You can copy the Application (client) ID to use in the Copilot Studio authentication area.

However, once you create a secret you can never see it again so you will need to generate a new client secret so click Certificates & secrets. Then, click New client secret.

Add a description relevant to what your organization is using it for and add the desired date. Note, I recommended adding a calendar event for a few days prior to the expiration date so that you are aware that the Client secret is expiring and will need to be updated.

Now you can copy the Value of the New client secret you made.

Going back to Copilot Studio and inside the authentication area your App should look similar to the following.

Notice that we modified the authentication to manual, made sure that there was a redirect URL, added in a Client ID and Client secret, and even updated the Scopes.

Make sure to click Save.

Now we are ready to publish the chatbot. Close out of this window and click Publish on the left pane.

Next, click the Publish button.

Go ahead and confirm by hitting Publish again. Note, every time you update your chatbot whether it be the messages, attached documents, or even authentication, you must Publish the bot again so that those settings are then encapsuled and saved together.
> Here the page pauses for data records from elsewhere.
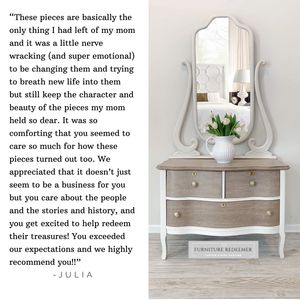 To redeem is to save, renew, preserve, and restore. As The Furniture Redeemer, I work with you to unlock the hidden potential in your furniture and family heirlooms with customization and refinishing that will help your pieces keep on telling their stories. My hope is that you will see the beauty lying in that old family heirloom or find a piece that you fall in love with!
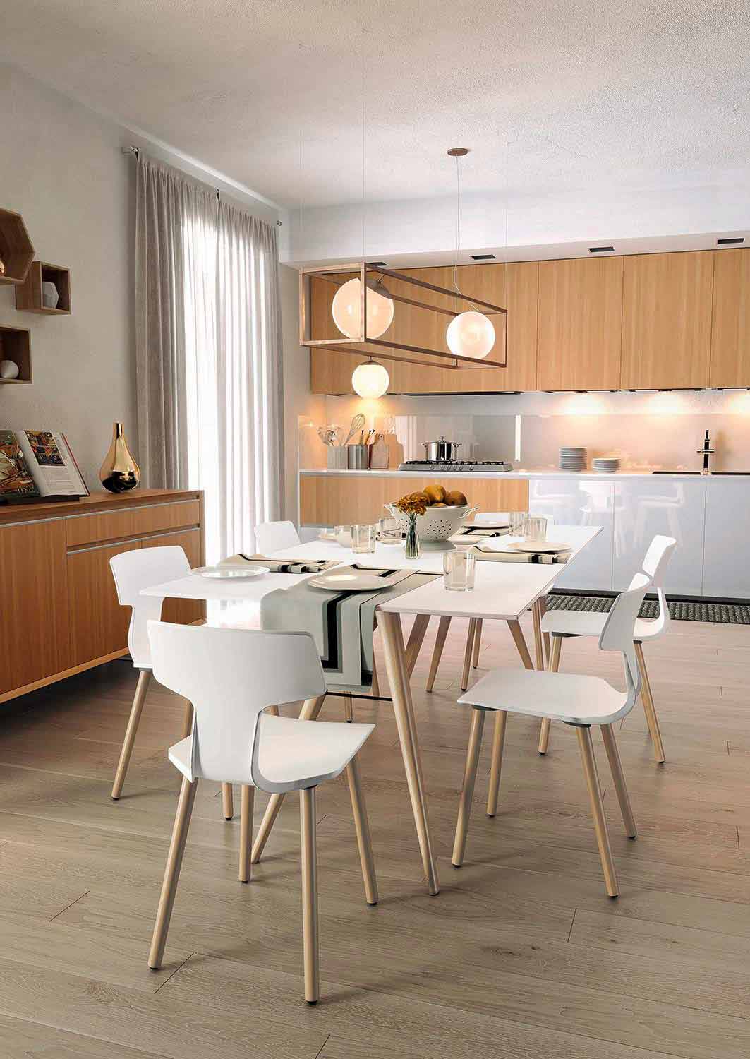 Clover is a chair for dining room or kitchen characterized by a structure made of beech-colored wood which, combined with the polypropylene seat available in 7 colors, makes it an extremely versatile chair perfect for adapting to any dining room or kitchen and to any type of furniture.
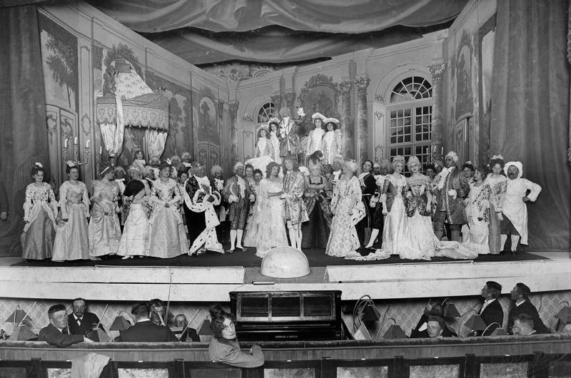 Øverste billede: Generalprøve på Prinsessen på ærten, der var åbningsforestilling ved teatrets indvielse i 1900. Fotograf A.B. Thun, Aarhus Teater.
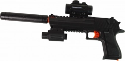 Pistole je napájena bateriemi, což umožňuje delší a napínavější hraní. Pro větší realističnost a efekt je součástí balení také tlumič, který činí výstřely realističtějšími a efektnějšími.
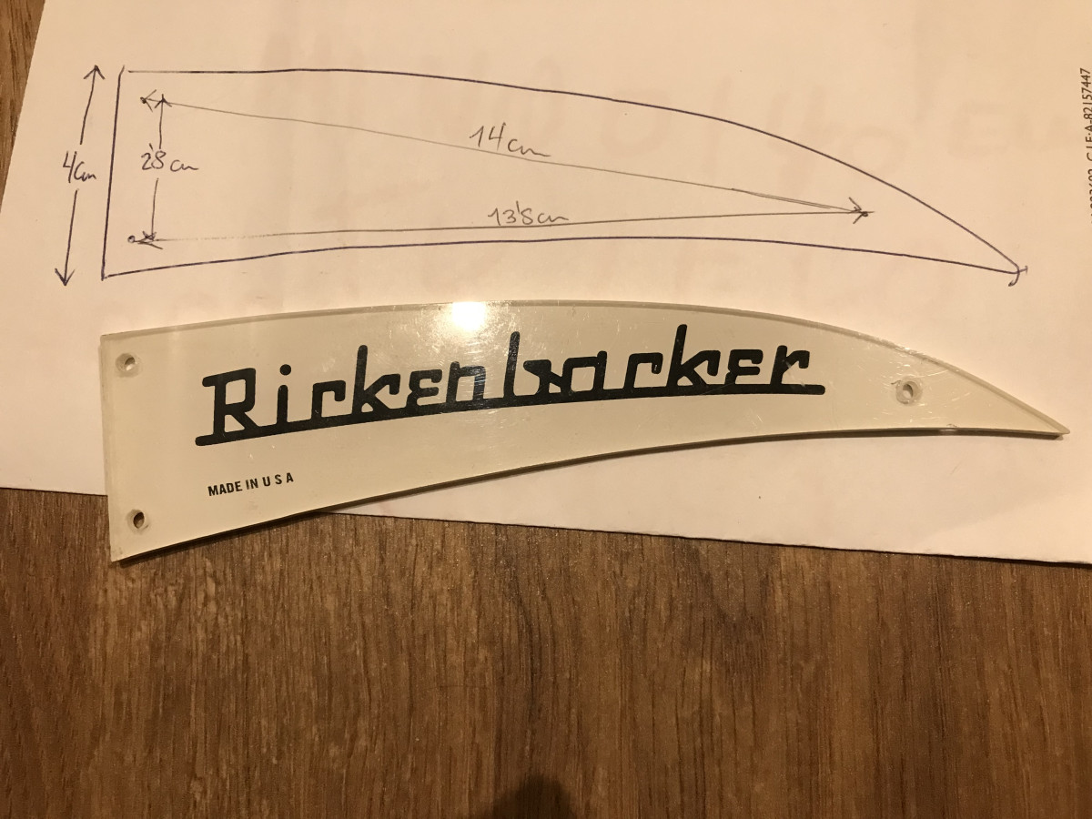 Placa para cubierta de ajuste de alma Rickenbacker, estilo 60s con el logo serigrafiado desde abajo. Ver foto con medidas.
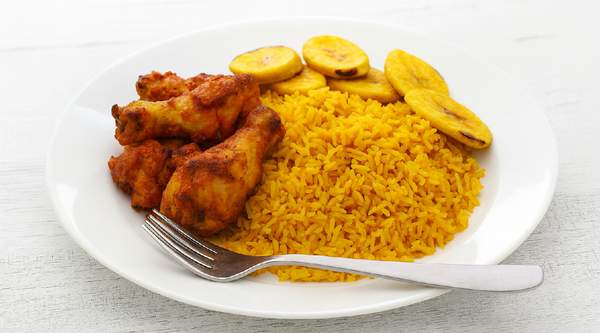 1 portion of fried rice, 1 portion of plantain, 2 soulfully fried chicken, and 35cl pet drink
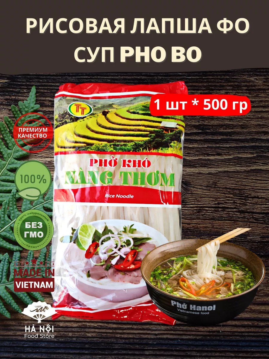 Рисовая лапша - основа большинства блюд кухни стран Юго-Восточной Азии. Вам знакомо такое блюдо, как фо бо? Это коронное блюдо вьетнамской кухни: говяжий бульон с мясом (курица или говядина), зеленью и рисовой лапшой. Эта рисовая лапша идеальна для приготовления настоящего вьетнамского фо бо, как его готовят в лучших кафе Ханоя. Это также отличный альтернативный вариант гарнира вместо привычной яичной лапши, макарон или круп. С рисовой лапшой можно приготовить как суп, так и второе блюдо - тайская лапша пад тай, лапша ВОК тоже готовятся на основе рисовой лапши с добавлением соусов, мяса, морепродуктов и овощей. В чем же преимущество рисовой лапши перед другими гарнирами? Состав: рисовая мука и вода, прекрасно подходит для тех, кто не переносит глютен и очень трепетно относится к подбору продуктов для своего рациона Легкость в приготовлении - достаточно лишь отварить ее в кипящей воде в течении 2-3 минут Универсальность - подходит как для супов, так и для вторых блюд Для веганов и вегетарианцев - отличный способ разнообразить свой рацион Натуральная вьетнамская рисовая лапша для настоящих ценителей кухни стран Азии! Рисовые макароны, Bun kho, лапша бун, фо, Pho, Фо Бо, Pho Bo
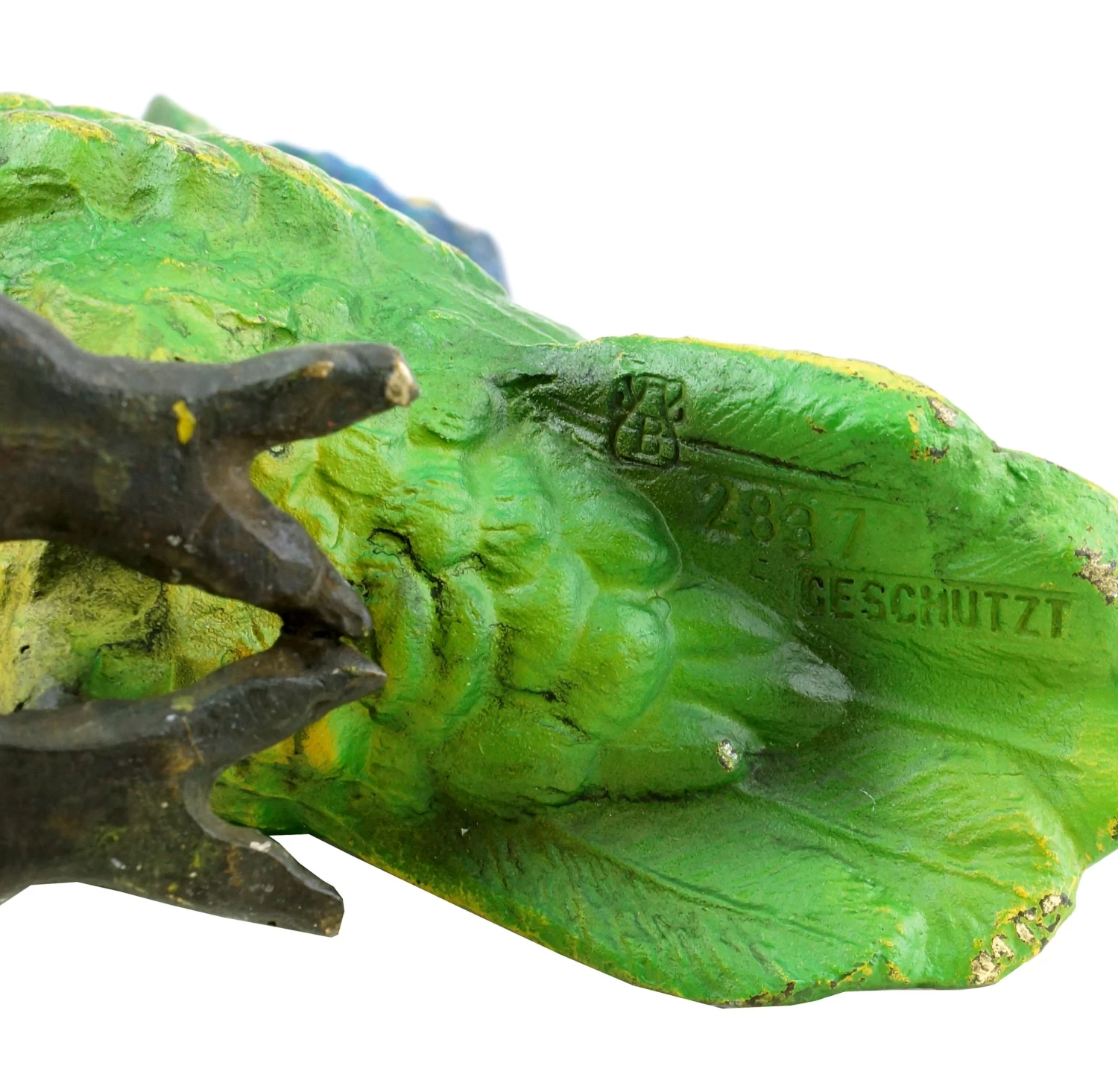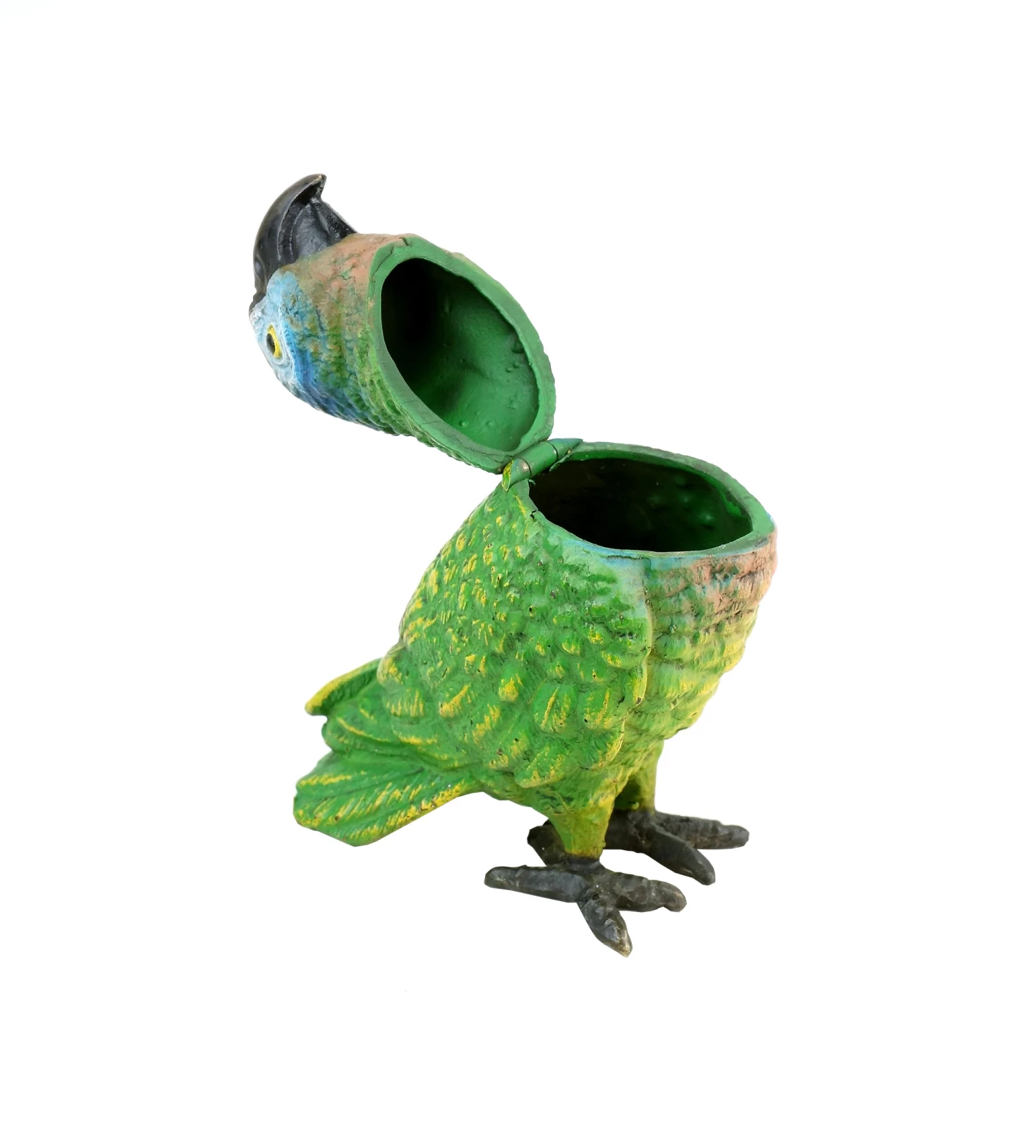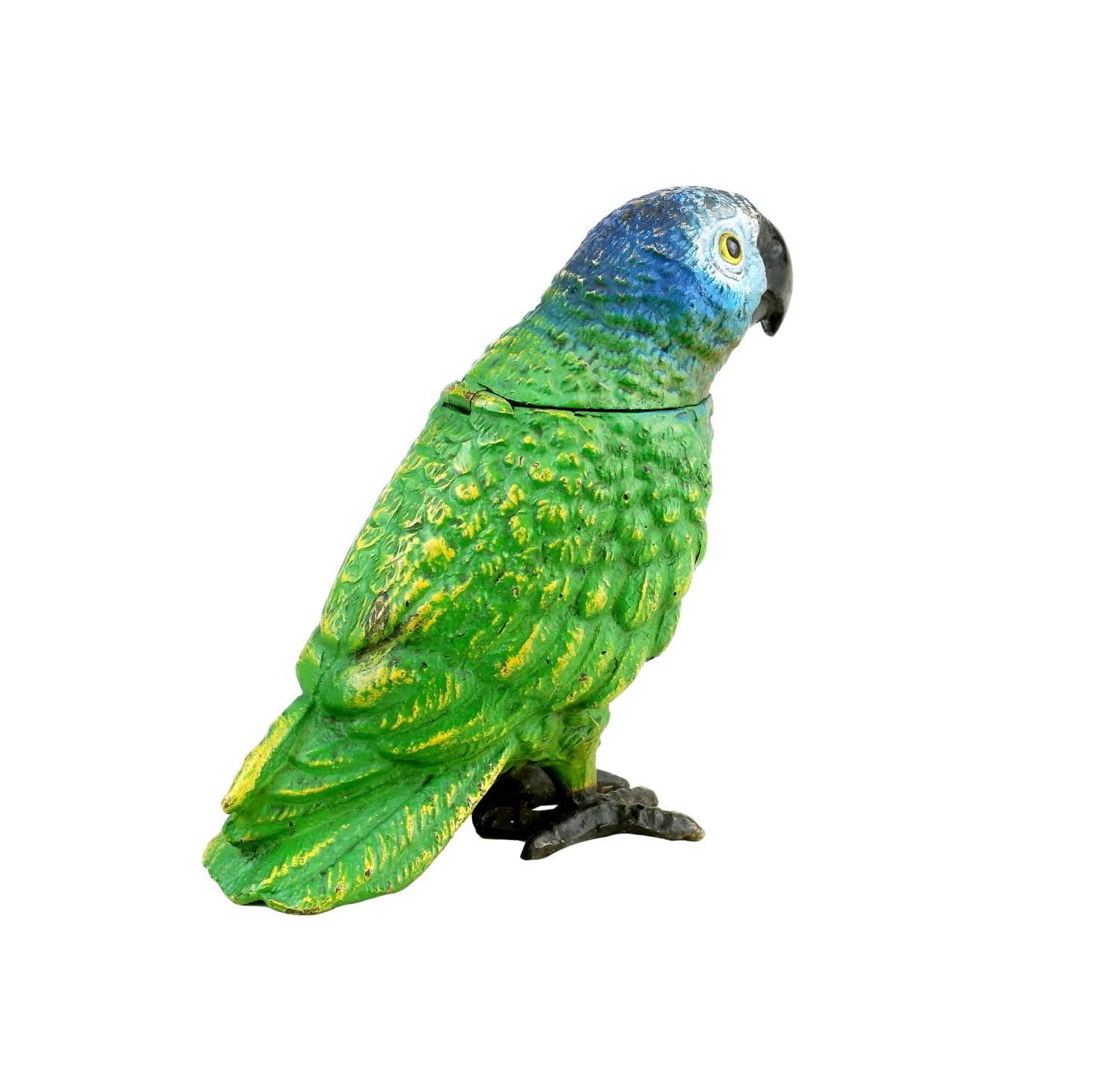 This hand-painted Vienna Bronze parrot is much more than just a decorative bronze animal figurine. The authentically sculpted bird figurine has a technical subtlety, which is quite typical for a piece of art from the Vienna Bronze period. In this case, the head of the stamped bird sculpture can be opened, revealing a small hollow space inside. In the past, this space has been used to store matches. The very lifelike surface structure of this authentic bird figurine is skilfully accentuated by an elaborate painting that was done by hand. The result is a remarkable Vienna Bronze piece that is both decorative and practical at the same time.

And now, we wait. It reminds me of being a SysAdmin in that most of our job is looking at status bars.

It has now been published and is ready to go.

Eureka! Now we have a test site setup. Let’s check it out. Click the link that says demo website and give it a try.

Click Login.

Copy your MFA code.

Enter in the MFA code and see if it works. At this point you should be ready to rock for your own organization’s needs and helping your users to better use AI to become more efficient and find the answers they are looking for while also reducing ticket counts and service calls.

Closing Thoughts:

If you made it all the way here, great work! So that’s the process of how to setup Copilot Studio to create your own custom AI chatbot complete with authentication and MFA. If you followed along you should now be able to setup your own Copilot chatbot and Enterprise App. Have fun!